A picture emerges of two strong-willed women in Svetik’s life: Meri and Nyuta. One senses a personality clash between the two, yet there was an underlying deep sibling closeness, instanced by their extensive correspondence. After a long period of separation, mother and son finally met in 1960 when Nyuta wrote him a letter. The family, including Nyuta, Sergei and Meri joined Richter in New York for his Carnegie Hall debut, and later travelled to Boston with him. It was on this tour that the family first met Nina, Richter’s wife. A year later in 1961, Richter again met with his mother at Bayreuth.

Although the Richter family were relatively poor, they were intelligent, talented and cultured. His father Theo was a pianist, and his mother Theo’s one-time student. His grandfather Pavel was an accomplished painter, and his aunt Meri a gifted artist, story-teller and poet. She would tell little Svetik stories, and this inspired her to write a book titled Hanspeter Waldtraum (Hanspeter’s Forest Dream), which actually saw publication in 1927. It was Meri who exercised a powerful influence on the boy, stimulating his imagination with the fantasy world she related to him in her tales. This in turn may explain the sense of fantasy and imagination – a compelling feature of his musical interpretations. The intimate closeness between Richter and his aunt is discussed at length, as is their extensive correspondence over a twenty year period. Richter remained all his life a man of culture, well-read and a collector of art. The book relates how he studied art himself, producing works in a colourful Impressionistic style. He championed many Russian artists and put on exhibitions of their work in his own apartment, one such being Dmitri Krasnopevtsev. He was also particularly fond of the work of Robert Falk.

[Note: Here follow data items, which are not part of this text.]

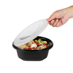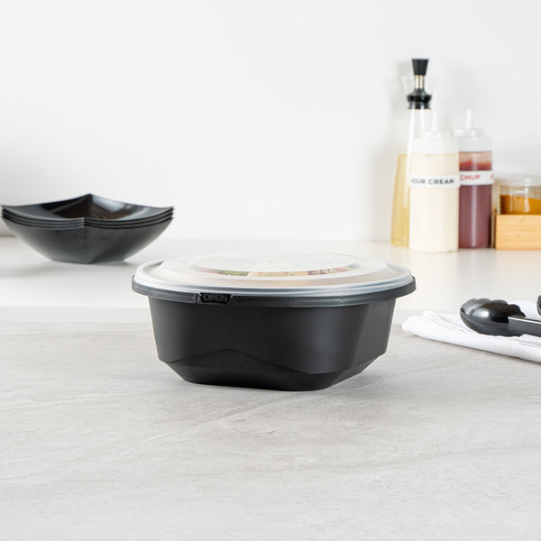 Elevate your food presentation with our Cater Tek 85-ounce Round Black Catering / Serving Bowls. These serving bowls come with clear lids that form a snug fit and help maintain freshness while enhancing the convenience of storage and transport. Designed to be microwave-safe, these black plastic bowls can withstand temperatures up to 248F, ensuring your meals stay warm. For added versatility, these serving dishes are also freezer-safe and can be used to store your leftovers. Crafted from premium plastic, these disposable bowls are ideal for holding both hot and cold food items. With their disposable design, these plastic bowls make cleanup straightforward and hassle-free. Measuring 9.65 inches in diameter by 3.86 inches in height, these plastic bowls with lids have a total capacity of 85 ounces, perfect for catering large events. Sold in 100 count box.
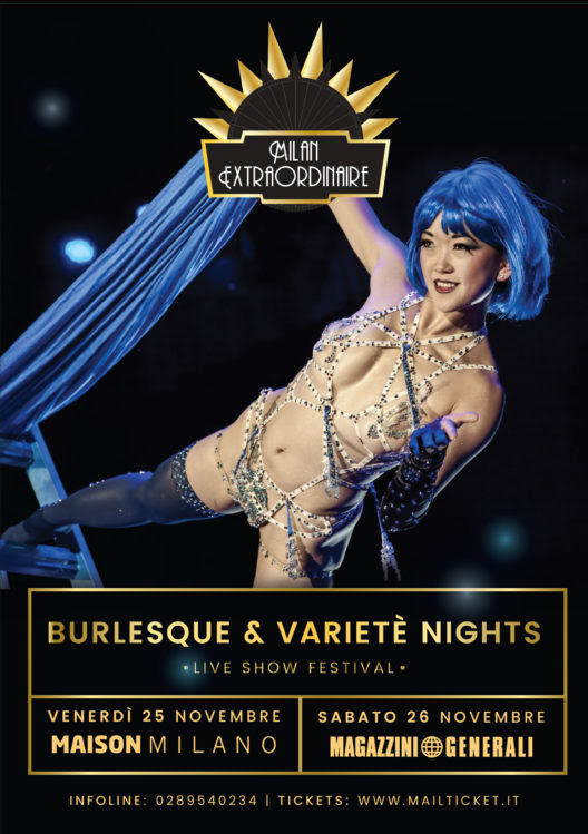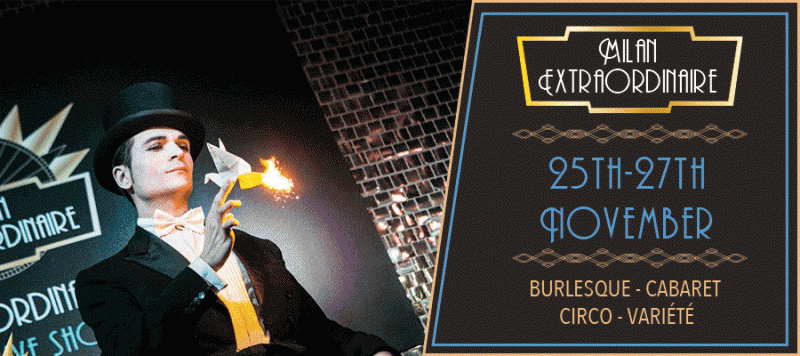Milan Extraordinaire è il primo festival italiano dedicato al live show a 360 gradi: burlesque e boylesque, cabaret, circo, poledance, magia e varietà. Dal 25 al 27 novembre a Milano gli artisti selezionati da una giuria d’eccezione si esibiranno e sfideranno in tre categorie: VARIETY, CIRCUS, BURLESQUE & BOYLESQUE; mentre di giorno workshops, mercatini ed eventi renderanno il weekend unico nel suo genere..una vera celebrazione dell’Arte dell’Intrattenimento in tutte le sue forme.
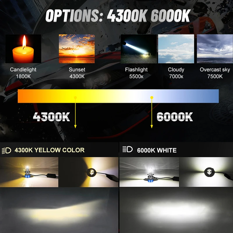 Светодиодные фары H7 s K4S K4C 4300K 6000K 25000LM H1 H8 9012 HIR2 ...

The book skirts around the question of Richter’s sexuality, and his marriage to Nina Dorliak was unconventional by any standards. Did they actually marry? Frau Hock, a close friend of Meri and Nyuta is quoted: "They make an unusual couple. They each have reserved as much freedom for themselves as their personalities demand ... Side by side on the same floor they have separate apartments, decorated with their own tastes."
The Memoirs of Anna Moskalewa-Richter ‘Nyuta’, which form Part II, I found of particular interest in giving a social commentary on life in Russia prior to the Revolution. She recounts details of her engagement marriage ceremony, including photographs. There is some fascinating information on medical treatments practised at the time. When Svetik was diagnosed with food poisoning for instance, a paediatrician prescribed camomile tea and camomile baths. Part III is entitled "Sviatoslav Richter as a Young Boy". Written by his Aunt Meri, it recounts her sister Yelena’s death from typhoid in 1918 at the age of only twenty-two.

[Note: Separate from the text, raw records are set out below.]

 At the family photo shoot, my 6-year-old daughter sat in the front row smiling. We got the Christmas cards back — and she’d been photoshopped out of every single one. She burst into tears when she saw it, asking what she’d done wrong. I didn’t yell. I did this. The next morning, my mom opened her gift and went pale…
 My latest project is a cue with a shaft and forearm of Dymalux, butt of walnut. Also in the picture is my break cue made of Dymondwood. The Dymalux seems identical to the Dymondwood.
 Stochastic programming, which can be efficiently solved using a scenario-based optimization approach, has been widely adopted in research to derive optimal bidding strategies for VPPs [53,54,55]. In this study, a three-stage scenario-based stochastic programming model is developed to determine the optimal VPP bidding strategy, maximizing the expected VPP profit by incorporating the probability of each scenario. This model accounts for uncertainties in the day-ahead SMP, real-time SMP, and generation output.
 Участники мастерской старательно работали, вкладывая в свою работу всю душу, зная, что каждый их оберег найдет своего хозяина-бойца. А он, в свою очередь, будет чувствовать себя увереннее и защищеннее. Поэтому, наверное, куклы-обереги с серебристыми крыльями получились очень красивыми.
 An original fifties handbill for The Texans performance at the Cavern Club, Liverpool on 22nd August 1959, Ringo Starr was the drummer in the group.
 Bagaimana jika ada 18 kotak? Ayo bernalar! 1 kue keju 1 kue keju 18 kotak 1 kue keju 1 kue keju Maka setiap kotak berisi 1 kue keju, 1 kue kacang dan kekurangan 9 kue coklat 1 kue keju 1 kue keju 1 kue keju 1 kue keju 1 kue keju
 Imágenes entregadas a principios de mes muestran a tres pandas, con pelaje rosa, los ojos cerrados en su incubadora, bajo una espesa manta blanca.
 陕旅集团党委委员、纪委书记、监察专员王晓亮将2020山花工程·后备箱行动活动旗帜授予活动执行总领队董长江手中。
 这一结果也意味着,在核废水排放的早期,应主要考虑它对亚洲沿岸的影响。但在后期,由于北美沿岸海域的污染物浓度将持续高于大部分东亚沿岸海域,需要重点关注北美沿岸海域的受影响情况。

This is a handsomely produced book, offering many insights into the enigmatic character of Sviatoslav Richter. It is studded with interesting photographs, providing a visual feast. Anthony Phillips has done a sterling job translating this material, and the book reads well. There’s a useful genealogy of the Moskalew family at the beginning and a convenient glossary of names and places at the end. Page-by-page footnotes and a comprehensive index are helpful. Richter aficionados, like myself, will find it a fascinating account from start to finish.